Information shown START

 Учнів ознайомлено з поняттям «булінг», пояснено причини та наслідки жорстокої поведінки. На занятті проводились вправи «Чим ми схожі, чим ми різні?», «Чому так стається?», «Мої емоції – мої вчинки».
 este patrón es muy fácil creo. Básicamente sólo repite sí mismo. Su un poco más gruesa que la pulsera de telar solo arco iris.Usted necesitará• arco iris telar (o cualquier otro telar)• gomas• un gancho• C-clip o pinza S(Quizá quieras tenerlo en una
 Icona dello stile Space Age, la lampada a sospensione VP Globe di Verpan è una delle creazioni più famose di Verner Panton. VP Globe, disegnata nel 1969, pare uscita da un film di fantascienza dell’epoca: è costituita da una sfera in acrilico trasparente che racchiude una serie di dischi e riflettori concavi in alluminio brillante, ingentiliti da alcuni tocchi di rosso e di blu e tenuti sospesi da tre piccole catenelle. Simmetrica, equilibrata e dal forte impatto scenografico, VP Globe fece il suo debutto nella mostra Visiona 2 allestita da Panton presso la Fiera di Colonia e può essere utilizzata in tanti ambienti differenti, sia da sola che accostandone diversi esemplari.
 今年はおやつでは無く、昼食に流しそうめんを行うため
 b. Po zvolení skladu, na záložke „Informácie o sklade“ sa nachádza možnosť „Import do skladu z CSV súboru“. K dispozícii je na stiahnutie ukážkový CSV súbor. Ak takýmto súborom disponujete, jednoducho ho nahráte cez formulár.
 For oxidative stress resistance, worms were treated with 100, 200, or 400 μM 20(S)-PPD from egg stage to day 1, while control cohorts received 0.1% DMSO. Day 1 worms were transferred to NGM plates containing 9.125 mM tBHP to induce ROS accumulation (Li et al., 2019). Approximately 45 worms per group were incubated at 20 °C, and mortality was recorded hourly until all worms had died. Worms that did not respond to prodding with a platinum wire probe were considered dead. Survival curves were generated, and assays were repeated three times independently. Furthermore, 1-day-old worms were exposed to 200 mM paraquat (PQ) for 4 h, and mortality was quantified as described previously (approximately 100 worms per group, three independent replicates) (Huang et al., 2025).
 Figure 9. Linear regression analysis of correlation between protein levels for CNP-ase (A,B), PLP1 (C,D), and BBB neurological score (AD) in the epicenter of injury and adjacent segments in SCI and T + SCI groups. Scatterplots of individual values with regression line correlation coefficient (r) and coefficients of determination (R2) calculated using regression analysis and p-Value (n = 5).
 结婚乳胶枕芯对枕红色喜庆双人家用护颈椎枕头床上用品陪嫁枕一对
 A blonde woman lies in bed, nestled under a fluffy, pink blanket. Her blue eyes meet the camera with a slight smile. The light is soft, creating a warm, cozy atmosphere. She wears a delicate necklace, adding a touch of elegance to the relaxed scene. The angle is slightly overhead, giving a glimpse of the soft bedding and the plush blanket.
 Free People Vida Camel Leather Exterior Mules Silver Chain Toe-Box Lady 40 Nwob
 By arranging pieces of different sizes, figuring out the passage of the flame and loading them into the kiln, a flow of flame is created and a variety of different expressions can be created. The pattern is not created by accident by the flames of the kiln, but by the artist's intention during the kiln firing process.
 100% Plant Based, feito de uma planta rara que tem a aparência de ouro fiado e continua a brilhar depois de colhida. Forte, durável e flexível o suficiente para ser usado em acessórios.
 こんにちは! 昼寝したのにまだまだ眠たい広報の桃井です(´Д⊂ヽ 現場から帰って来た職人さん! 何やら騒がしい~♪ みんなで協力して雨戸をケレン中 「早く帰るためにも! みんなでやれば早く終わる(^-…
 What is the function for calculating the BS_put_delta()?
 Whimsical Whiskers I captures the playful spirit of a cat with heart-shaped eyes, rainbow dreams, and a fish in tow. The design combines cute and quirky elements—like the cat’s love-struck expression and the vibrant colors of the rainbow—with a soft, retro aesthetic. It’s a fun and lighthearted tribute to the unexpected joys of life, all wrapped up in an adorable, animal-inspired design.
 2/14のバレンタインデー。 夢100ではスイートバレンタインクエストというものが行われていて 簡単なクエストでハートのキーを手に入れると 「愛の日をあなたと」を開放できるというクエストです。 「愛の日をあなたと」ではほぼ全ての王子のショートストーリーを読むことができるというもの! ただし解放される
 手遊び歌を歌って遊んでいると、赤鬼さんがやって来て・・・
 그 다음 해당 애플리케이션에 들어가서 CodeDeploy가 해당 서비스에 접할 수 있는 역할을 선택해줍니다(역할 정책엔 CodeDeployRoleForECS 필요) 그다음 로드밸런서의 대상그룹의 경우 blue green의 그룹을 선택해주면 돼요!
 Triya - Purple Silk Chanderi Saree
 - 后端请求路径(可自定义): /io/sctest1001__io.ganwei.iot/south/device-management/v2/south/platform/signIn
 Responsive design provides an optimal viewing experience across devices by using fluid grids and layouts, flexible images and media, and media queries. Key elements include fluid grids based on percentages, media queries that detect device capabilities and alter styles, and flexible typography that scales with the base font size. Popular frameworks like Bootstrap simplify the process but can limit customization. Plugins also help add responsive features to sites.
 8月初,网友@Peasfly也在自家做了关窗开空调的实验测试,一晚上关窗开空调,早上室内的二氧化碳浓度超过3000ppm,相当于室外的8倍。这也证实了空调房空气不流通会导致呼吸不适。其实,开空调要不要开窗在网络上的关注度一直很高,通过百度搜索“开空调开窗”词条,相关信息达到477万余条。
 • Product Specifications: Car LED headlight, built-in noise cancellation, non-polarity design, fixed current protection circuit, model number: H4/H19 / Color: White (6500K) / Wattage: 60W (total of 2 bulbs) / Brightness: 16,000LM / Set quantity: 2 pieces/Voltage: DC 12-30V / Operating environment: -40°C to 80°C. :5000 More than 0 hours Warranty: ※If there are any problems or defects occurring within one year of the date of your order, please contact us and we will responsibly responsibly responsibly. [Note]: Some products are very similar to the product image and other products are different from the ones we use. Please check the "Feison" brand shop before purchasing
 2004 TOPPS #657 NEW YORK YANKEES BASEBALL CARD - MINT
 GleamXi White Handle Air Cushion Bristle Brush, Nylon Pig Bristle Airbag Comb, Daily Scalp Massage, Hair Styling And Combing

Information shown END

> _Assigned task_
Return, exactly as written, only those lines that run from the one with "Whimsical Whiskers I" to the last line of the data, both of those lines included.

> _Exercise response_
 Whimsical Whiskers I captures the playful spirit of a cat with heart-shaped eyes, rainbow dreams, and a fish in tow. The design combines cute and quirky elements—like the cat’s love-struck expression and the vibrant colors of the rainbow—with a soft, retro aesthetic. It’s a fun and lighthearted tribute to the unexpected joys of life, all wrapped up in an adorable, animal-inspired design.
 2/14のバレンタインデー。 夢100ではスイートバレンタインクエストというものが行われていて 簡単なクエストでハートのキーを手に入れると 「愛の日をあなたと」を開放できるというクエストです。 「愛の日をあなたと」ではほぼ全ての王子のショートストーリーを読むことができるというもの! ただし解放される
 手遊び歌を歌って遊んでいると、赤鬼さんがやって来て・・・
 그 다음 해당 애플리케이션에 들어가서 CodeDeploy가 해당 서비스에 접할 수 있는 역할을 선택해줍니다(역할 정책엔 CodeDeployRoleForECS 필요) 그다음 로드밸런서의 대상그룹의 경우 blue green의 그룹을 선택해주면 돼요!
 Triya - Purple Silk Chanderi Saree
 - 后端请求路径(可自定义): /io/sctest1001__io.ganwei.iot/south/device-management/v2/south/platform/signIn
 Responsive design provides an optimal viewing experience across devices by using fluid grids and layouts, flexible images and media, and media queries. Key elements include fluid grids based on percentages, media queries that detect device capabilities and alter styles, and flexible typography that scales with the base font size. Popular frameworks like Bootstrap simplify the process but can limit customization. Plugins also help add responsive features to sites.
 8月初,网友@Peasfly也在自家做了关窗开空调的实验测试,一晚上关窗开空调,早上室内的二氧化碳浓度超过3000ppm,相当于室外的8倍。这也证实了空调房空气不流通会导致呼吸不适。其实,开空调要不要开窗在网络上的关注度一直很高,通过百度搜索“开空调开窗”词条,相关信息达到477万余条。
 • Product Specifications: Car LED headlight, built-in noise cancellation, non-polarity design, fixed current protection circuit, model number: H4/H19 / Color: White (6500K) / Wattage: 60W (total of 2 bulbs) / Brightness: 16,000LM / Set quantity: 2 pieces/Voltage: DC 12-30V / Operating environment: -40°C to 80°C. :5000 More than 0 hours Warranty: ※If there are any problems or defects occurring within one year of the date of your order, please contact us and we will responsibly responsibly responsibly. [Note]: Some products are very similar to the product image and other products are different from the ones we use. Please check the "Feison" brand shop before purchasing
 2004 TOPPS #657 NEW YORK YANKEES BASEBALL CARD - MINT
 GleamXi White Handle Air Cushion Bristle Brush, Nylon Pig Bristle Airbag Comb, Daily Scalp Massage, Hair Styling And Combing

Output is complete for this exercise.